- [WHAT NEEDS TO BE DONE] Nothing but the lines from the one containing "品源醫(yī)療X射線骨齡儀" to the final line of the entries should appear, copied exactly and without pictures.

- [Dataset items]

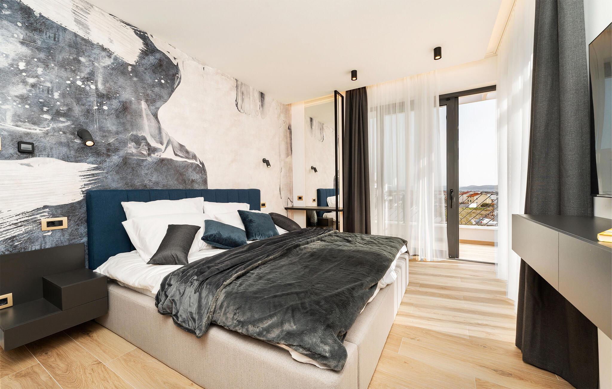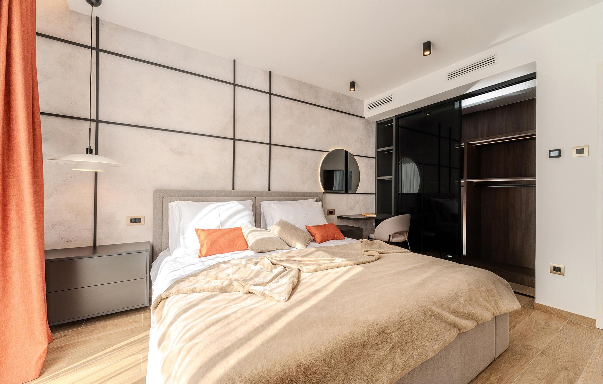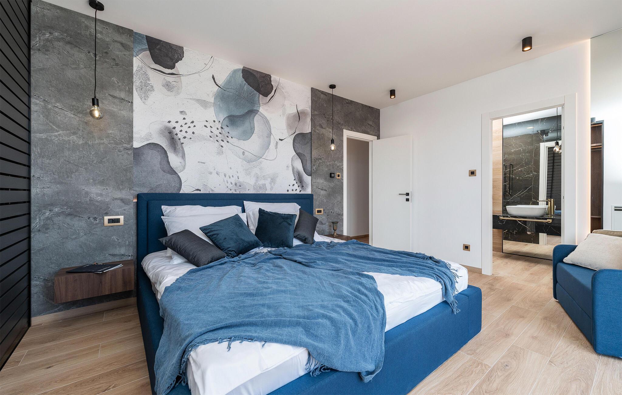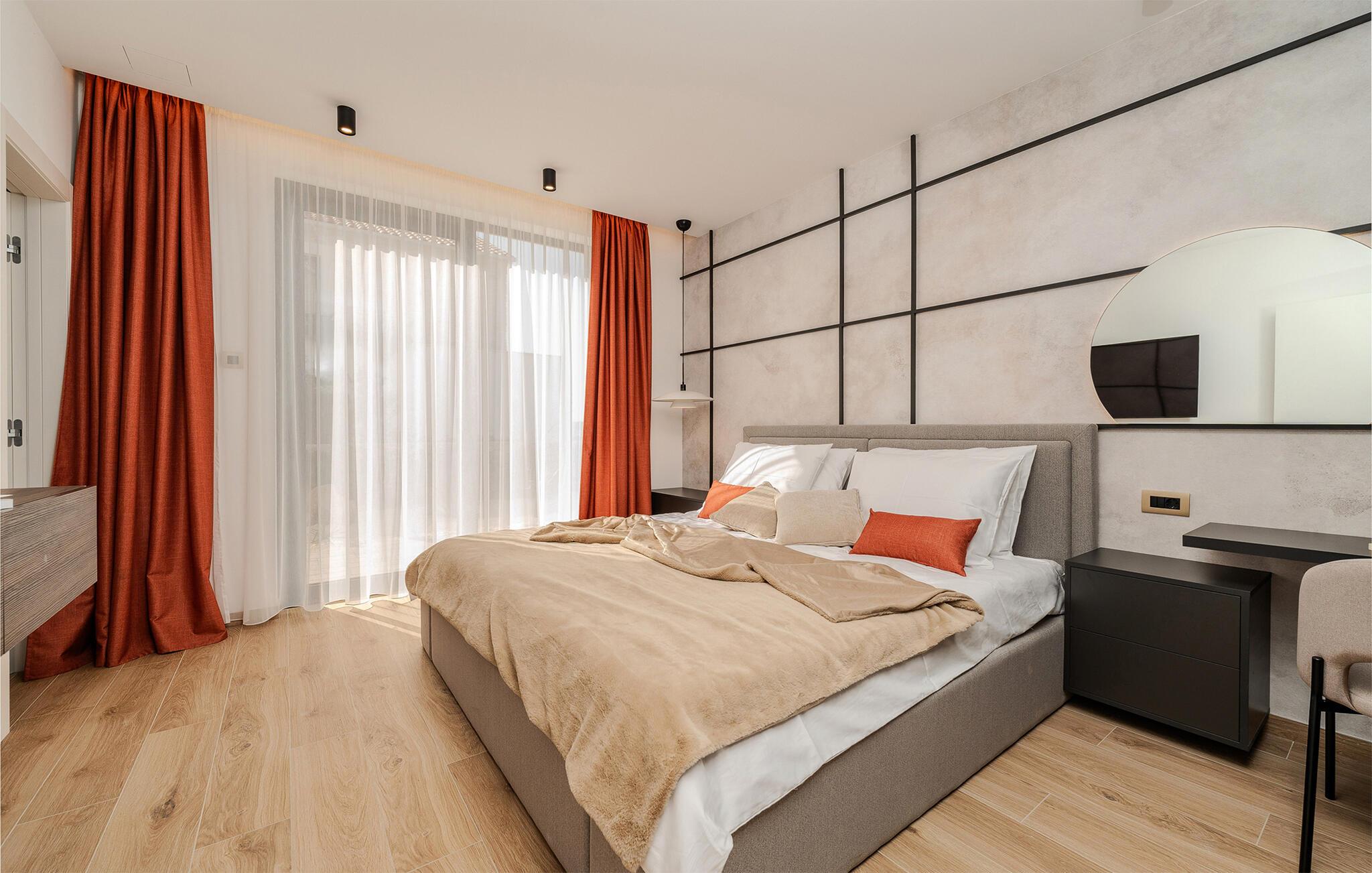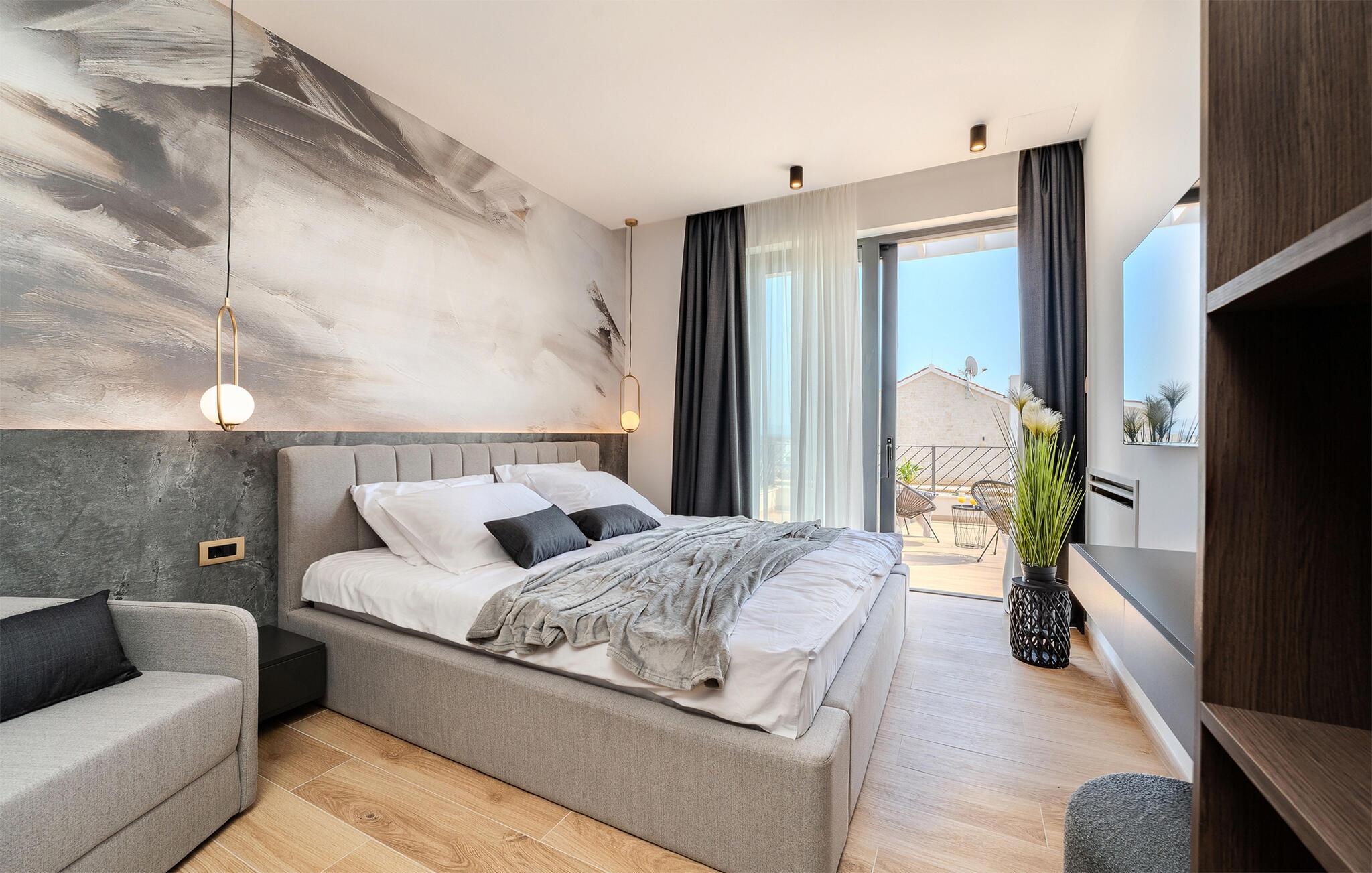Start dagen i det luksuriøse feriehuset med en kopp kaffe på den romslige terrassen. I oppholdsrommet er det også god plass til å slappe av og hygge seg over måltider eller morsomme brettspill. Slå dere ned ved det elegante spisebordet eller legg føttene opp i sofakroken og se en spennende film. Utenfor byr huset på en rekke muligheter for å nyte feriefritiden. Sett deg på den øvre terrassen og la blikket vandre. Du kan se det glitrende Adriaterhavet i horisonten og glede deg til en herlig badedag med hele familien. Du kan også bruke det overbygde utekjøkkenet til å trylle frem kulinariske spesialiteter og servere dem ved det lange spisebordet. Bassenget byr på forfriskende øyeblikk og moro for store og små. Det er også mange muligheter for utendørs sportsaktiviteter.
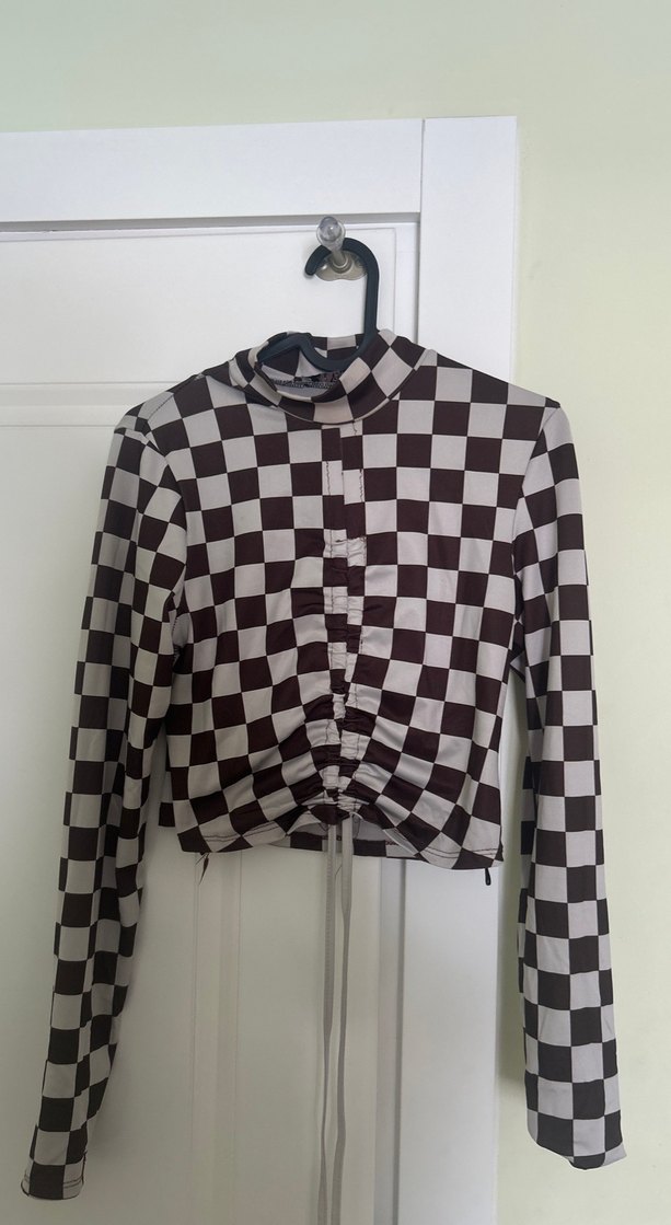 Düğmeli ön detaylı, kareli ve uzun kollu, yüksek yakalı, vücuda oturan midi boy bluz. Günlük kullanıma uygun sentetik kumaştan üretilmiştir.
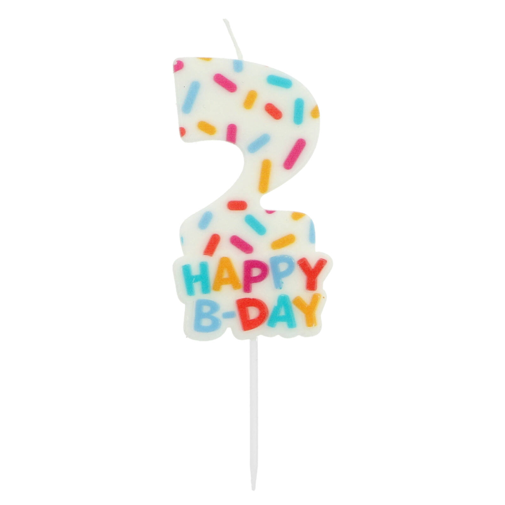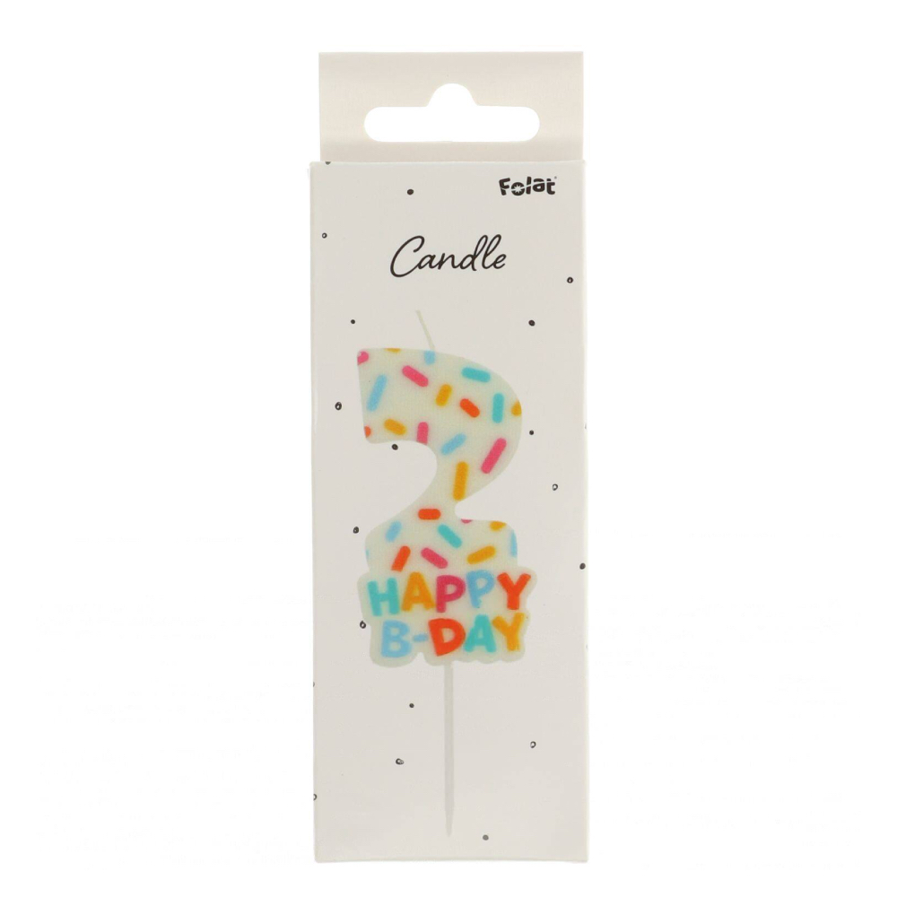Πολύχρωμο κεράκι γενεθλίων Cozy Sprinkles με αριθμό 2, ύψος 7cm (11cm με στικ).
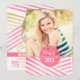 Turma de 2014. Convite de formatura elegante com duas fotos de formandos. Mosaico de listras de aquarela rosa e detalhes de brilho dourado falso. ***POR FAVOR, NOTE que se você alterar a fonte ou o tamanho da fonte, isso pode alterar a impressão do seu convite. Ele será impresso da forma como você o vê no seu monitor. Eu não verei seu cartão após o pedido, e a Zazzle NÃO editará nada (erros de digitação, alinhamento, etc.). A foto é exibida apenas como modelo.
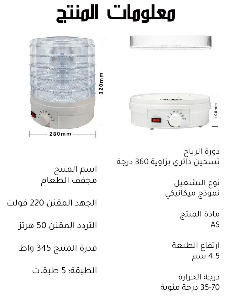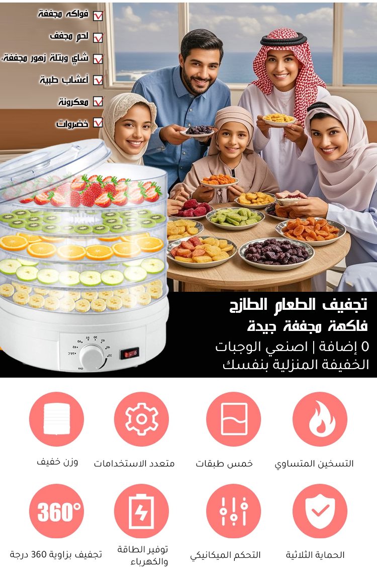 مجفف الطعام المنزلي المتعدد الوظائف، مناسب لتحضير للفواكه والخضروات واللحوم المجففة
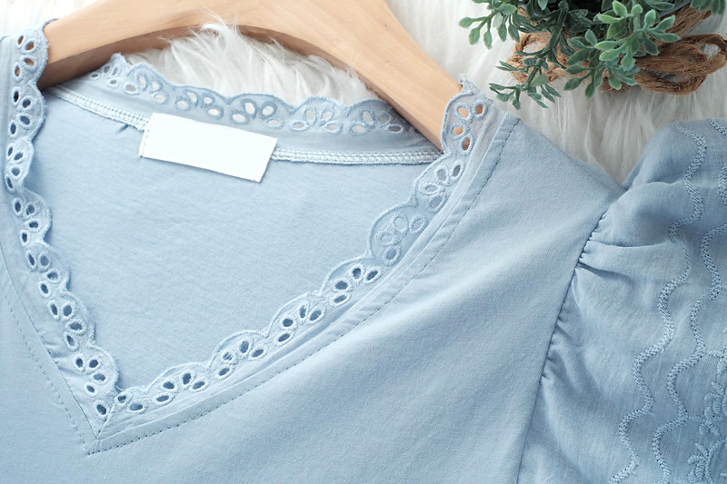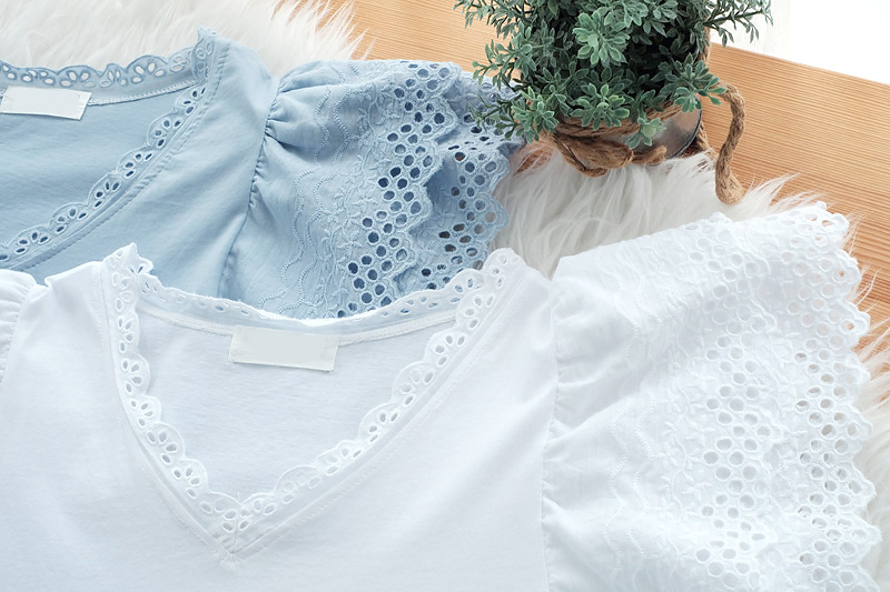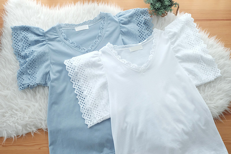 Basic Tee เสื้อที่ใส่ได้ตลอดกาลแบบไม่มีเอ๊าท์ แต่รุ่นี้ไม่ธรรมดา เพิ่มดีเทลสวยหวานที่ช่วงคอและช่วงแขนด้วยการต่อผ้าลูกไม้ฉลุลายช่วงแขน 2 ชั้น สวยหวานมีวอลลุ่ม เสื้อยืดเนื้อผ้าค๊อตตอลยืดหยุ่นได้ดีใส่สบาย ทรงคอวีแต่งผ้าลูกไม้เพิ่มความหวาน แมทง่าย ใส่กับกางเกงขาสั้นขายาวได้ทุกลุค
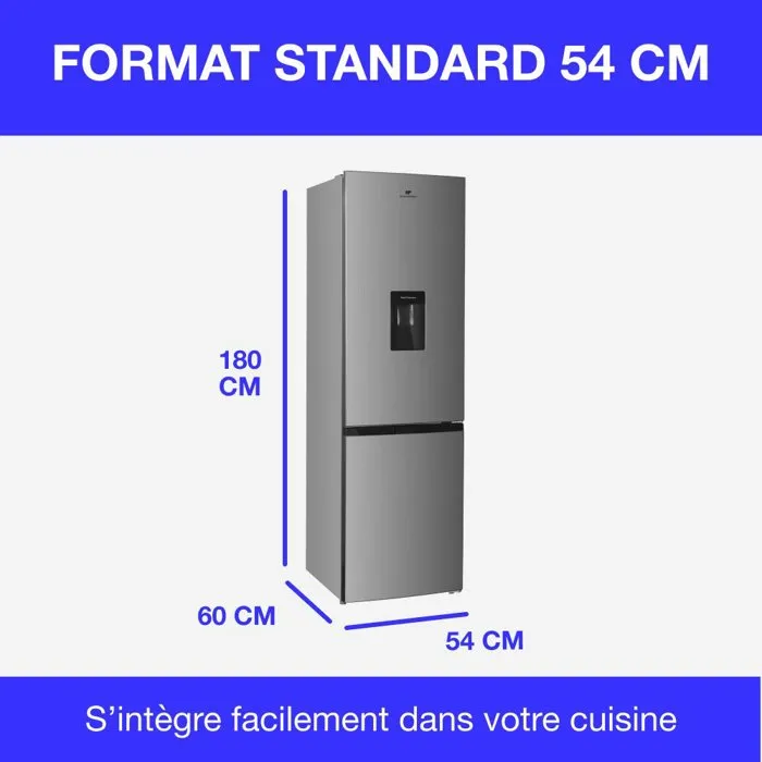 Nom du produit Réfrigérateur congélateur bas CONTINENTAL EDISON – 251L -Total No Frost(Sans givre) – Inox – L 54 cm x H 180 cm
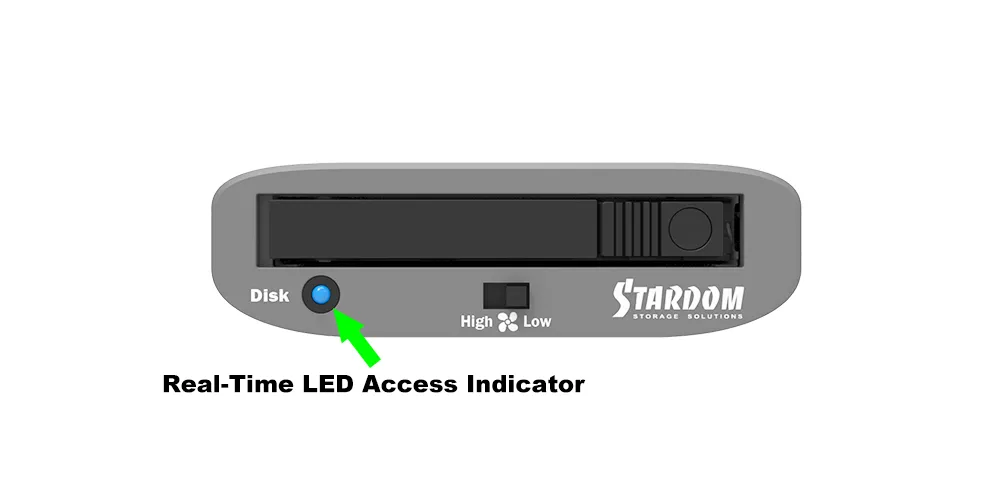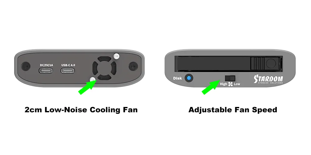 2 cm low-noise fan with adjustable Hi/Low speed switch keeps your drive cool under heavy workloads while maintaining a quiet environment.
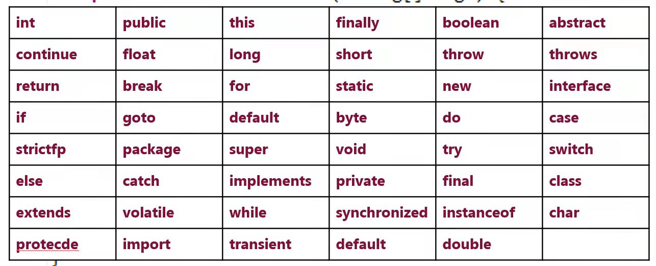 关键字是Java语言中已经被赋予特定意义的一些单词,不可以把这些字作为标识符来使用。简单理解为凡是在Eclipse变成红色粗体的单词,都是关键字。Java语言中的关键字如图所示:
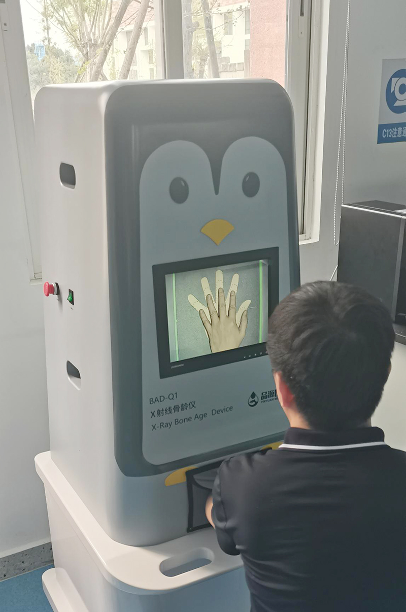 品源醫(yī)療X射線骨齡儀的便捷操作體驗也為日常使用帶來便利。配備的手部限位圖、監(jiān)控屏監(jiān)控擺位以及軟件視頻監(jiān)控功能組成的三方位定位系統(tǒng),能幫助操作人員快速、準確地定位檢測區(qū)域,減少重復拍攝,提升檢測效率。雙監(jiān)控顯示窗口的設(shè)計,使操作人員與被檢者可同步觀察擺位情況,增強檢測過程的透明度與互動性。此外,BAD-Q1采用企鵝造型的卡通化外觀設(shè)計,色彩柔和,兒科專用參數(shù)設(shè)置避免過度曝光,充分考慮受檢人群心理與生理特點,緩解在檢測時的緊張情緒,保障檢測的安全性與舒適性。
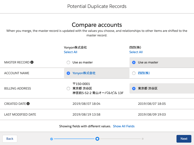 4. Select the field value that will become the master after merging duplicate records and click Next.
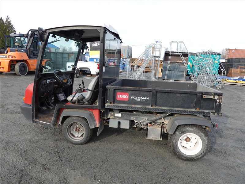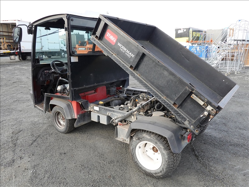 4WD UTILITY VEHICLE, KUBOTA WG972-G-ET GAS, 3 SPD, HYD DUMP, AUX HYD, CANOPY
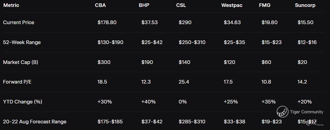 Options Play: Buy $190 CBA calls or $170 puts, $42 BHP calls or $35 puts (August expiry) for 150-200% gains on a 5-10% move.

- [SOLUTION]
 品源醫(yī)療X射線骨齡儀的便捷操作體驗也為日常使用帶來便利。配備的手部限位圖、監(jiān)控屏監(jiān)控擺位以及軟件視頻監(jiān)控功能組成的三方位定位系統(tǒng),能幫助操作人員快速、準確地定位檢測區(qū)域,減少重復拍攝,提升檢測效率。雙監(jiān)控顯示窗口的設(shè)計,使操作人員與被檢者可同步觀察擺位情況,增強檢測過程的透明度與互動性。此外,BAD-Q1采用企鵝造型的卡通化外觀設(shè)計,色彩柔和,兒科專用參數(shù)設(shè)置避免過度曝光,充分考慮受檢人群心理與生理特點,緩解在檢測時的緊張情緒,保障檢測的安全性與舒適性。
 4. Select the field value that will become the master after merging duplicate records and click Next.
 4WD UTILITY VEHICLE, KUBOTA WG972-G-ET GAS, 3 SPD, HYD DUMP, AUX HYD, CANOPY
 Options Play: Buy $190 CBA calls or $170 puts, $42 BHP calls or $35 puts (August expiry) for 150-200% gains on a 5-10% move.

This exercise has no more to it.